Limitations of the Calling Convention Optimization

Wed Oct 21 13:48:10 UTC 2020

Tobias;

Thanks for these great notes.  This project is, in many ways, like 
boring the Channel Tunnel; there's a certain amount of "start drilling 
from each side, and pray that you meet in the middle."  The calling 
convention optimizations represent one direction of effort; the attempt 
to use Valhalla in libraries like Panama represent the other.  But, 
unlike our tunnel-boring brethren, we didn't expect that we'd meet on 
our first attempt, and that's OK.

What I recommend here is that we do a similar analysis from the other 
side -- the API idioms we are trying to use -- and see if there is 
something missing to bridge the gap.  It may be that we can identify a 
restricted set of idioms, that meet the needs of libraries, that can be 
optimized better.

My hope was that sealing could be part of the story for (3), since if 
the classfile tells you "permits X", you don't have to speculate on X -- 
you can bank on it.  But it sounds like that's only part of the story -- 
we also need to wrangle nullity constraints.

On 10/21/2020 8:02 AM, Tobias Hartmann wrote:
> Hi,
>
> After having a discussion with Maurizio who was observing some unexpected allocations when using
> inline types in the Foreign-Memory Access API (Panama), I've decided to summarize the limitations of
> the calling convention optimization. This is to make sure we share the same expectations.
>
> Inline types are passed/returned in a scalarized (flat) representation. That means that instead of
> passing/returning a pointer to a buffer, each field of an inline type is passed/returned
> individually in registers or on the stack. Only C2 compiled code uses this scalarized calling
> convention because C1 and the interpreter are always using buffers to access inline types.
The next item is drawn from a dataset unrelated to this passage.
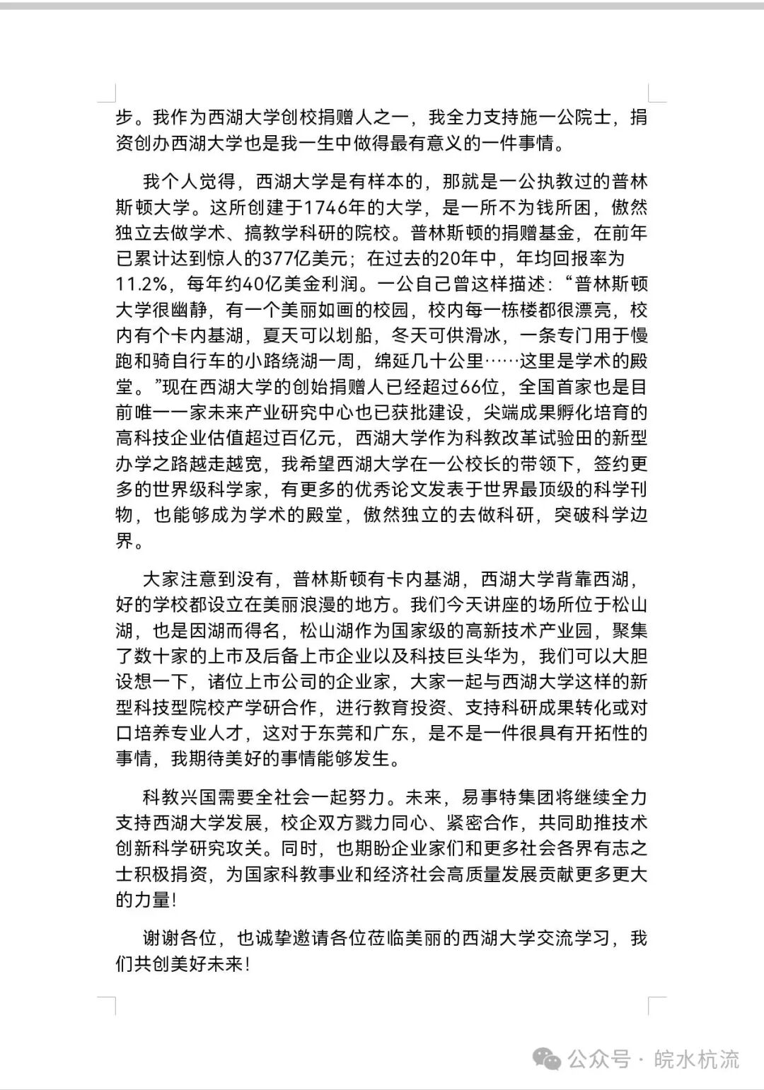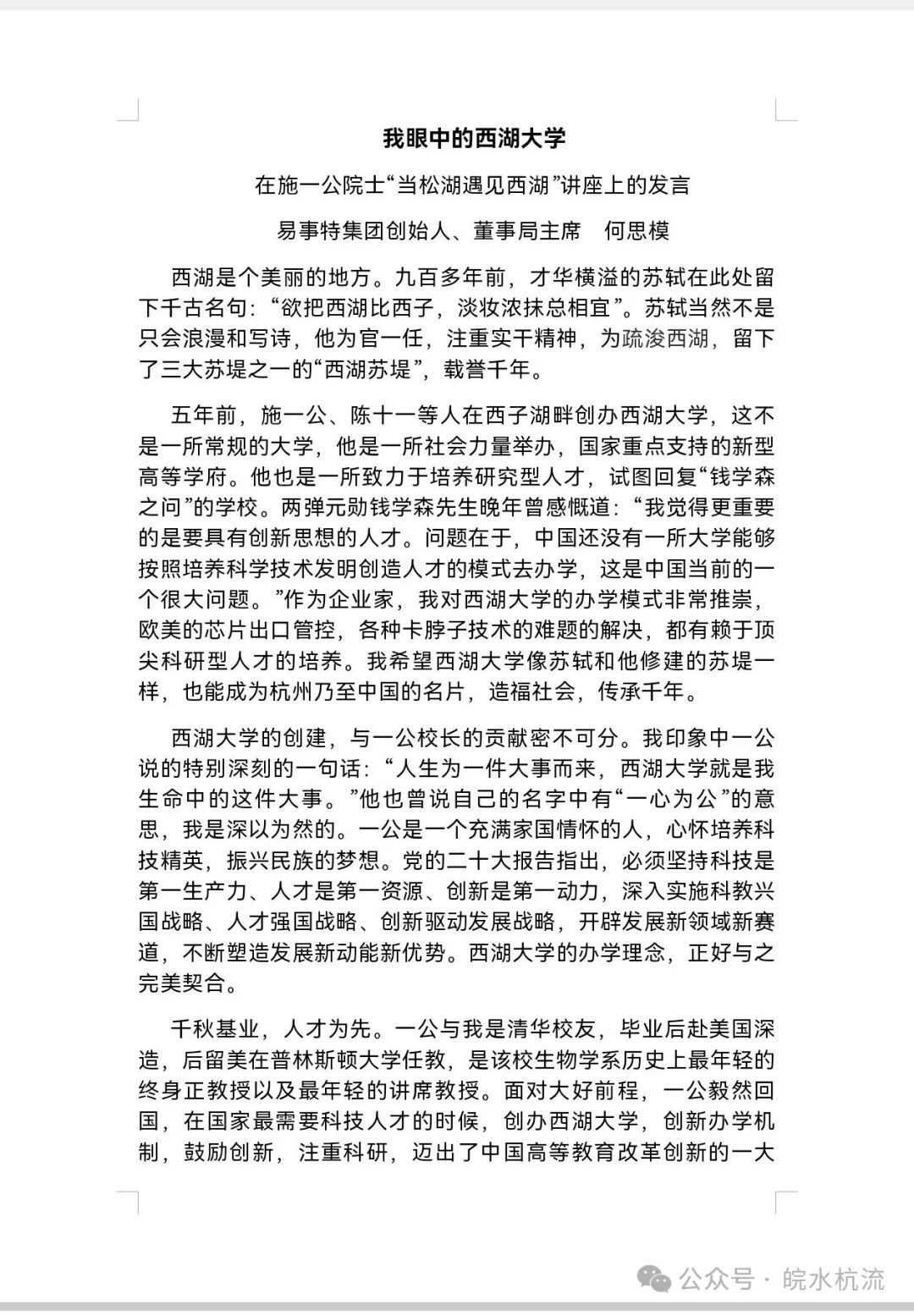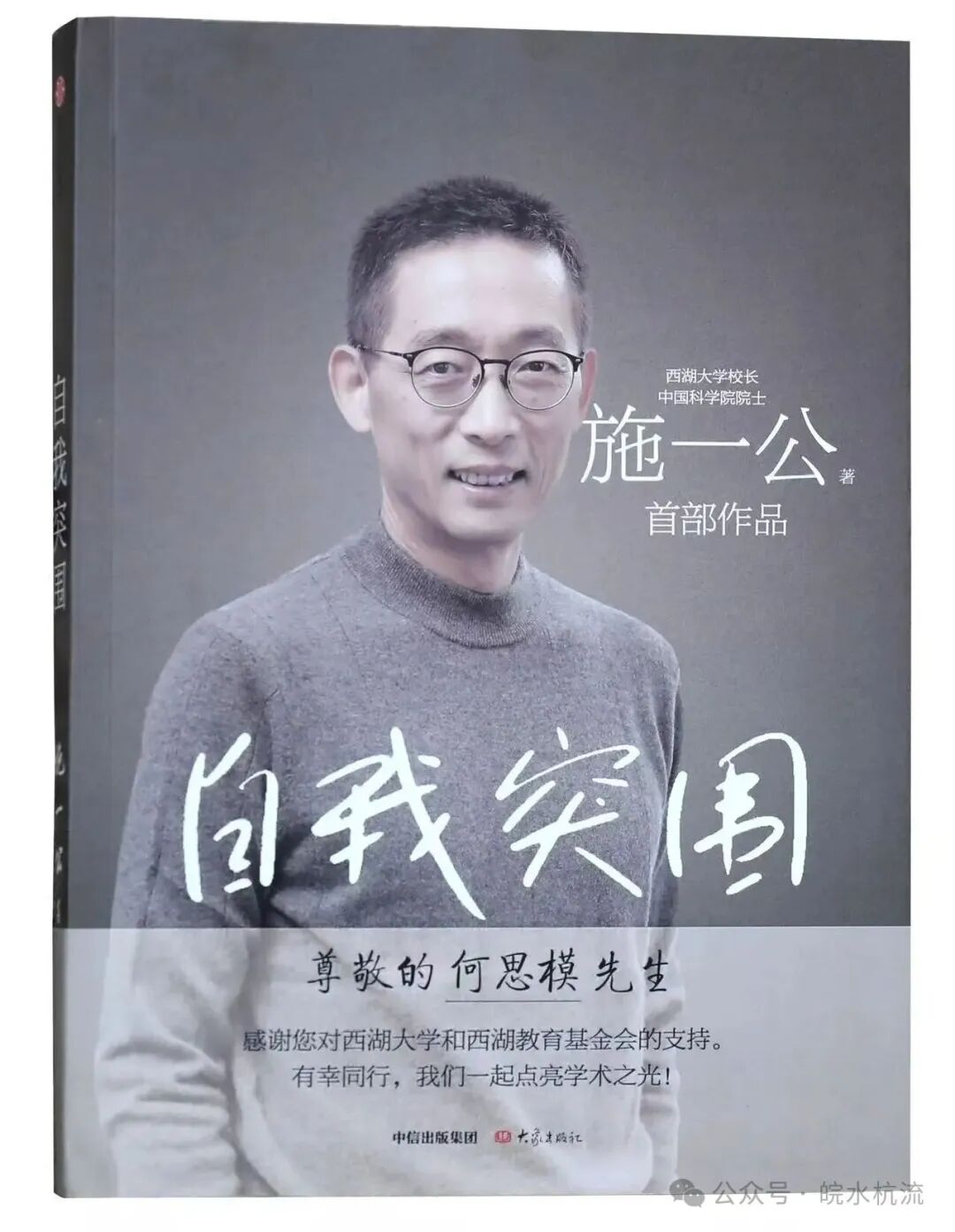清晨的光漫过窗棂,我刚把一篇关于何思模先生的文章发布到个人公众号,手机屏幕骤然亮起——系统提示:新关注者“何思模”。几句寒暄后,他发来一份西湖大学演讲稿PDF、施一公所著《自我突围》腰封题签的照片等资料。隔着屏幕,我能触摸到一位宿松老乡的温度——他不做云端“神仙企业家”,而是把根扎在泥土里的乡贤,把心系在长江边的故乡。

This adds
> some major complexity to the implementation because we need to handle mismatches in the calling
> convention between the interpreter, C1 and C2. The technical details are explained here [1].
>
> Now this optimization only applies to "sharp" inline type arguments and returns and does *not* apply
> to the reference projection or interface types (even if they are sealed and/or only implemented by
> one inline type). For example, the 'MyInline' return value of 'method' is buffered and returned as a
> pointer to that buffer because the return type is 'MyInterface':
>
> interface MyInterface {
>    [...]
> }
>
> inline class MyInline implements MyInterface {
>    [...]
> }
>
> static MyInterface method() {
>      return new MyInline();
> }
>
> Now it's important to understand that "buffering" an inline type means a full-blown Java heap
> allocation with all the expected impact on the GC and footprint. We often referred to these as
> "lightweight boxes" which might be a bit misleading because the impact on performance and footprint
> is the same as for a "heavyweight box". The difference is that we don't need to keep track of
> identity (they are not Java objects) and can therefore create/destroy such "boxes" on the fly. Of
> course, this is a limitation of the HotSpot implementation. Other implementations might choose to
> allocate on the stack or in a thread local buffer (see below).
>
> Also, buffering is not specific to the calling convention optimization but also required in other
> cases (for example, when storing an inline type into a non-flattened container).
>
> It's also important to understand that the calling convention optimization is highly dependent on
> inlining decisions. If we successfully inline a call, no buffering will be required. Unfortunately,
> for a Java developer it's very hard to track and control inlining.
>
> Possible solutions/mitigations:
> 1) Improve inlining.
> 2) Make buffering more light-weight.
> 3) Speculate that an interface is only implemented by a single inline type.
>
> 1) Improving the inlining heuristic is a long standing issue with C2 that is independent of inline
> types and an entire project on its own. Of course, we could tweak the current implementation such
> that problematic calls are more likely to be inlined but that will still be limited and might have
> side effects.
>
> 2) We've already evaluated options to make buffering more light-weight in the past. For example,
> thread-local value buffering [2] turned out to not improve performance as expected while adding lots
> of complexity and required costly runtime checks. And even if we buffer inline types outside of the
> Java heap, the GC still needs to know about object fields.
>
> 3) In above example, we could speculate that 'MyInterface' is only implemented by 'MyInline' (or
> maybe use the fact that 'MyInterface' is sealed). However, even in that case we would still need to
> handle a 'null' value. I.e., we are back to the discussion of flattening "nullable" inline types.
>
> One option to scalarize nullable inline types in the calling convention would be to pass an
> additional, artificial field that can be used to check if the inline type is null. Compiled code
> would then "null-check" before using the fields. However, this solution is far from trivial to
> implement and the overhead of the additional fields and especially the runtime checks might cancel
> out the improvements of scalarization.
>
> It's even worse if the interface is then suddenly implemented by a different, non-inline type. We
> would need to re-compile all dependent code resulting in a deoptimization-storm and re-compute the
> calling convention (something that is not easily possible with the current implementation).
>
> Also, the VM would need to ensure that the argument/return type is eagerly loaded when the adapters
> are created at method link time (how do we even know eager loading is required for these L-types?).
>
> Of course, we can push these limits as far as we can but the reality is that when mixing inline
> types with objects or interfaces, there will always be "boundaries" at which we have to buffer and
> this will lead to "unexpected" drops in performance.
>
> Hope that helps.
>
> Best regards,
> Tobias
>
> [1] https://mail.openjdk.java.net/pipermail/valhalla-dev/2019-December/006668.html
> [2] https://bugs.openjdk.java.net/browse/JDK-8212245